__Exercise goal__.
Print the whole listing below exactly, skipping every picture.

__Recorded data__.
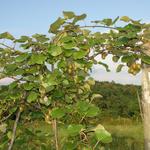 Egyetlen függőleges indát kell nagy magasságig kinevelni az első évben. Vízhiány esetén az szokott történni, hogy ez a folyamatosan fásodó szárú inda megáll a növekedésben, majd amikor ismét vízhez jut, új rügyeket indít az oldalán, miközben a tenyészcsúcsa begöbösödik és nem hajlandó tovább nőni. A továbbneveléshez vissza kell metszenünk egy aktív tenyészcsúcsú hajtásáig. Ennek a hajtásnak a kiválasztására érvényesek az általam leírt kritériumok.
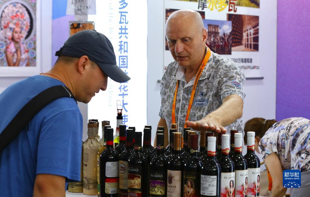 9月6日,参观者(左)在在服贸会文旅服务专题展了解摩尔多瓦葡萄酒。
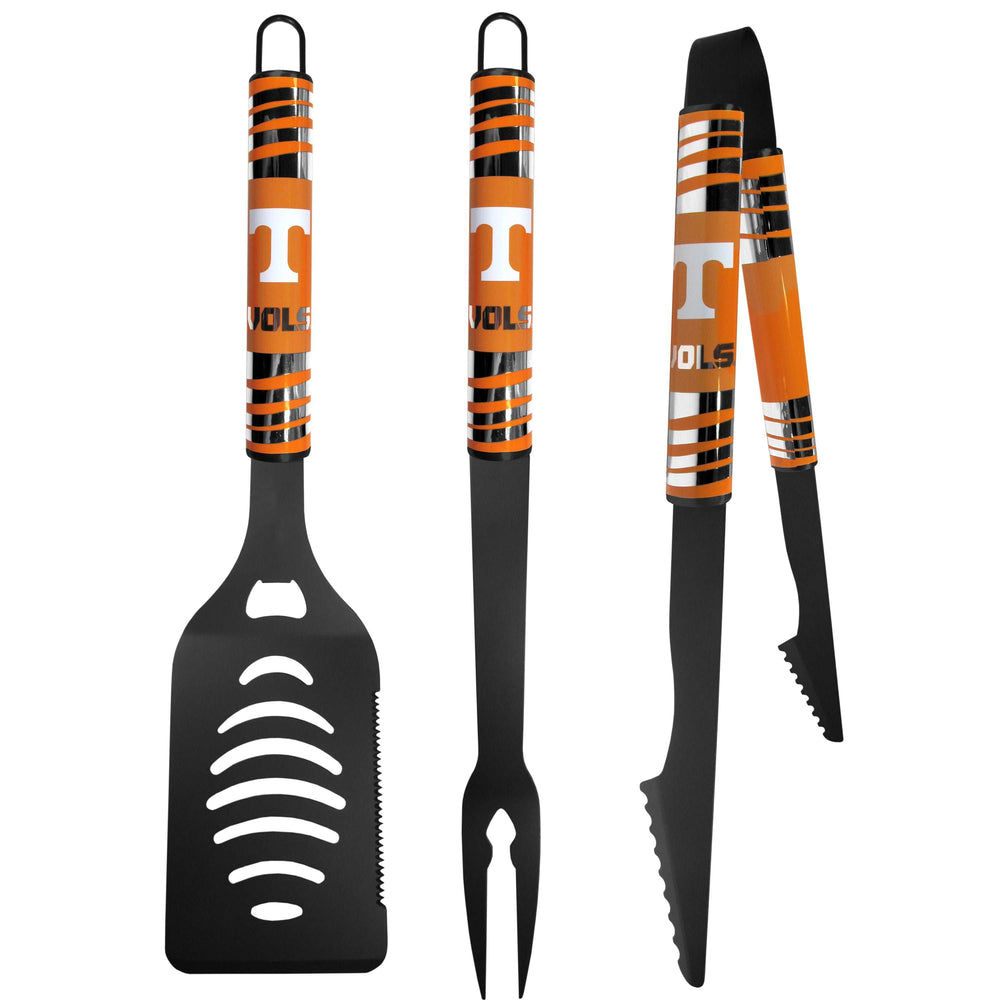 The eye-catching team color and chrome graphics on this set make it a game day favorite! The high-quality, 3 pc Tennessee Volunteers BBQ grill set will make any grill master smile. These barbeque tools are made to last whether you are using them for camping, tailgating or a patio party you will have quality grill tools for years to come. The set includes a large spatula with a bottle opener feature and sharp serrated edge, strong tongs and fork all in a matte black finish. The 17 inch length keeps you far from the flames. The quality of the tools make them a great choice for Father's Day or Christmas gifts, they are really a grill accessory must have.

__Written solution__.
 Egyetlen függőleges indát kell nagy magasságig kinevelni az első évben. Vízhiány esetén az szokott történni, hogy ez a folyamatosan fásodó szárú inda megáll a növekedésben, majd amikor ismét vízhez jut, új rügyeket indít az oldalán, miközben a tenyészcsúcsa begöbösödik és nem hajlandó tovább nőni. A továbbneveléshez vissza kell metszenünk egy aktív tenyészcsúcsú hajtásáig. Ennek a hajtásnak a kiválasztására érvényesek az általam leírt kritériumok.
 9月6日,参观者(左)在在服贸会文旅服务专题展了解摩尔多瓦葡萄酒。
 The eye-catching team color and chrome graphics on this set make it a game day favorite! The high-quality, 3 pc Tennessee Volunteers BBQ grill set will make any grill master smile. These barbeque tools are made to last whether you are using them for camping, tailgating or a patio party you will have quality grill tools for years to come. The set includes a large spatula with a bottle opener feature and sharp serrated edge, strong tongs and fork all in a matte black finish. The 17 inch length keeps you far from the flames. The quality of the tools make them a great choice for Father's Day or Christmas gifts, they are really a grill accessory must have.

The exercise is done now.